Programme AC 2 : Soutien à la recherche clinique en cardiologie vétérinaire au bénéfice de l’animal

Objectif de ce programme - Ce programme a pour objectif d’améliorer le diagnostic et le traitement des maladies cardiaques dont l’animal souffre très couramment, en enrichissant les connaissances dans cette thématique. L’animal a beaucoup donné pour aider l’homme à mettre au point de nouvelles thérapies cardiovasculaires. Nous lui devons non seulement la découverte de nombreuses molécules, mais également toutes les techniques chirurgicales qui, chaque année, sauvent des milliers de patients à travers le monde depuis des décennies.  La Fondation Un Cœur souhaite ainsi rendre à l’animal ce qu’il a donné à l’homme en soutenant la recherche clinique en cardiologie vétérinaire.

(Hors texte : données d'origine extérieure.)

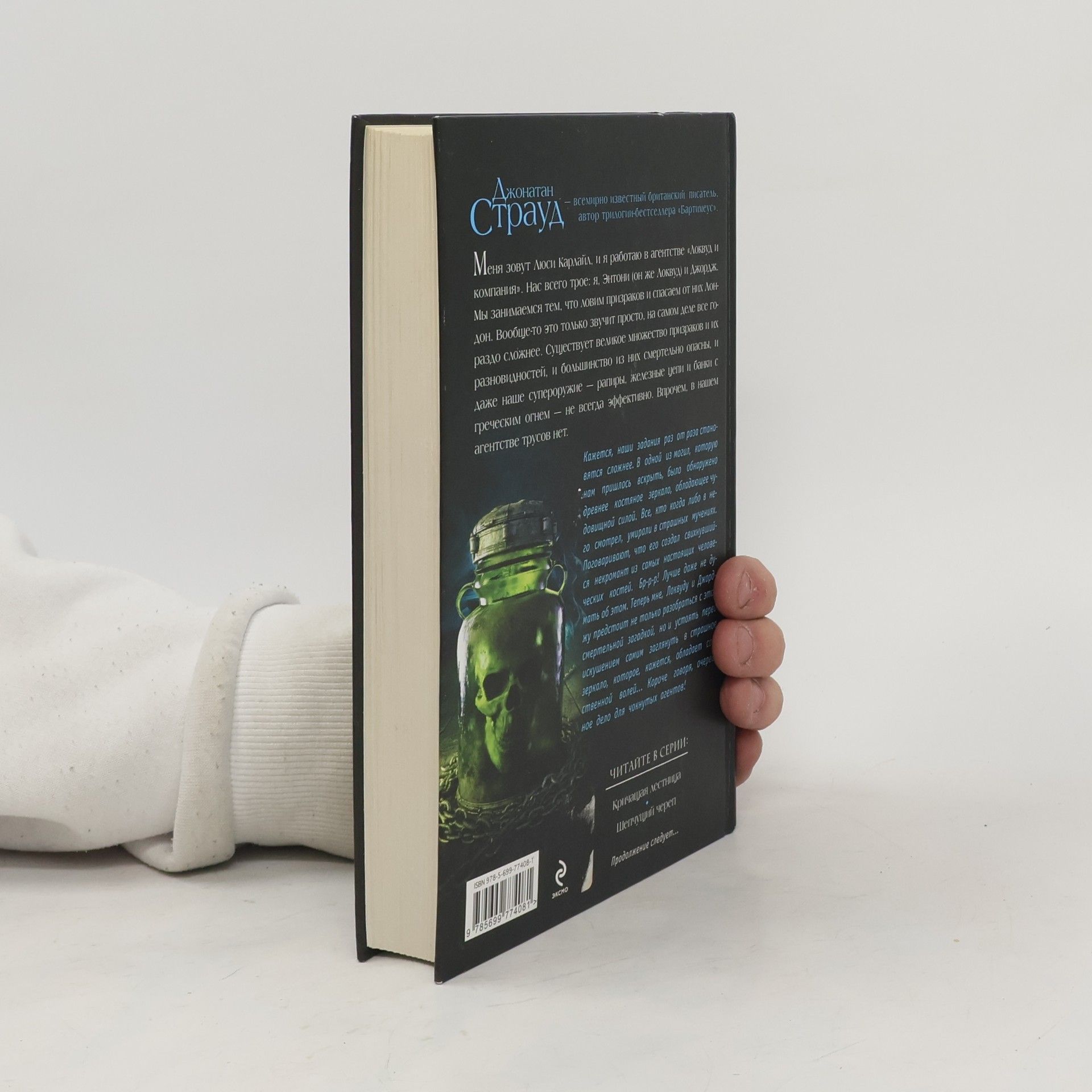 Меня зовут Люси Карлайл и я работаю в агентстве "Локвуд и компания". Нас всего трое: я, Энтони (он же Локвуд) и Джордж. Мы занимаемся тем, что ловим призраков и спасаем от них Лондон. Вообще-то, это только звучит просто, на самом деле все гораздо сложнее. Существует великое множество призраков и их разновидностей, и большинство из них смертельно опасны, и даже наше супероружие: рапиры, железные цепи и банки с греческим огнем - не всегда эффективно. Впрочем, в нашем агентстве трусов нет. Кажется, наши задания раз от раза становятся сложнее. В одной из могил, которую нам пришлось вскрыть, было обнаружено древнее костяное зеркало, обладающее чудовищной силой. Все, кто когда либо в него смотрел, умирали в страшных мучениях. Поговаривают, что его создал свихнувшийся некромант из самых настоящих человеческих костей. Бр-р-р! Лучше даже не думать об этом. Теперь мне, Локвуду и Джорджу предстоит не только разобраться с этой смертельной загадкой, но и устоять перед искушением самим заглянуть в страшное зеркало, которое, кажется, обладает собственной волей... Короче говоря, очередное дело для чокнутых агентов!

Bilan des actions déjà réalisées et en cours - Grâce aux dons reçus, depuis sa création, la Fondation Un Cœur a permis le financement de plusieurs programmes de recherche clinique et de postes dédiés. Ces programmes et ces postes sont rattachés à l’Unité de Cardiologie d’Alfort (ENVA), unité internationalement reconnue pour ses publications et compétences dans le domaine et dont elle est l’un des leaders. La Fondation Un Cœur a ainsi pu contribuer à approfondir les connaissances de diverses maladies cardiaques comme par exemple la maladie d’Ebstein (à laquelle le Labrador retriever est prédisposé) ou encore la sténose pulmonaire chez le Bouledogue français (qui fait actuellement l’objet d’un programme génétique dans la race en raison de sa gravité potentielle).1,2 Elle a aussi participé à améliorer les connaissances en imagerie cardiaque non invasive chez le chien.3 Elle a enfin soutenu un essai clinique vétérinaire européen de grande ampleur, le plus important jamais réalisé, ayant permis de démontrer l’efficacité d’un médicament pour traiter l’insuffisance cardiaque (multipliant par 2 l’espérance de vie des chiens atteints d’œdème pulmonaire).4

Un des programmes de recherche clinique actuels est consacré à la maladie valvulaire dégénérative mitrale (cardiopathie canine la plus fréquente), notamment chez le Cavalier King Charles Spaniels, avec l’étude de nouveaux paramètres de détection précoce, de suivi et de pronostic.5

  1. 1.       Chetboul V, Damoiseaux C, Poissonnier C, Lavennes M, Bertrand S, Borenstein N, Behr L, Pouchelon JL, Gouni V, Desquilbet L. Specific features and survival of French bulldogs with congenital pulmonic stenosis: a prospective cohort study of 66 cases. J Vet Cardiol. 2018 Dec;20(6):405-414.
  2. 2.       Chetboul V, Poissonnier C, Bomassi E, Jamin C, Pouchelon JL, Tissier R, Desquilbet L. Epidemiological, clinical, and echocardiographic features, and outcome of dogs with Ebstein’s anomaly: 32 cases (2002-2016). J Vet Cardiol. 2020, sous presse.
  3. 3.       Chetboul V, Damoiseaux C, Lefebvre HP, Concordet D, Desquilbet L, Gouni V, Poissonnier C, Pouchelon JL, Tissier R. Quantitative assessment of systolic and diastolic right ventricular function by echocardiography and speckle-tracking imaging: a prospective study in 104 dogs. J Vet Sci. 2018 Sep 30;19(5):683-692.
  4. 4.       Chetboul V, Pouchelon JL, Menard J, Blanc J, Desquilbet L, Petit A, Rougier S, Lucats L, Woehrle F; TEST study investigators. Short-Term Efficacy and Safety of Torasemide and Furosemide in 366 Dogs with Degenerative Mitral Valve Disease: The TEST Study. J Vet Intern Med. 2017 Nov;31(6):1629-1642.
  5. 5.       Poissonnier C, Foulex P, Alvarado MP, Trehiou-Sechi E, Saponaro V, Passavin P, Ghazal S, Lefort S, Desquilbet L, Chetboul V. Left atrial volume assessment in 160 Cavalier King Charles Spaniels with and without degenerative mitral valve disease (2017-2019). Poster. Congress of the European College of Veterinary Internal Medicine, Milan, italie, 19-21 septembre 2019.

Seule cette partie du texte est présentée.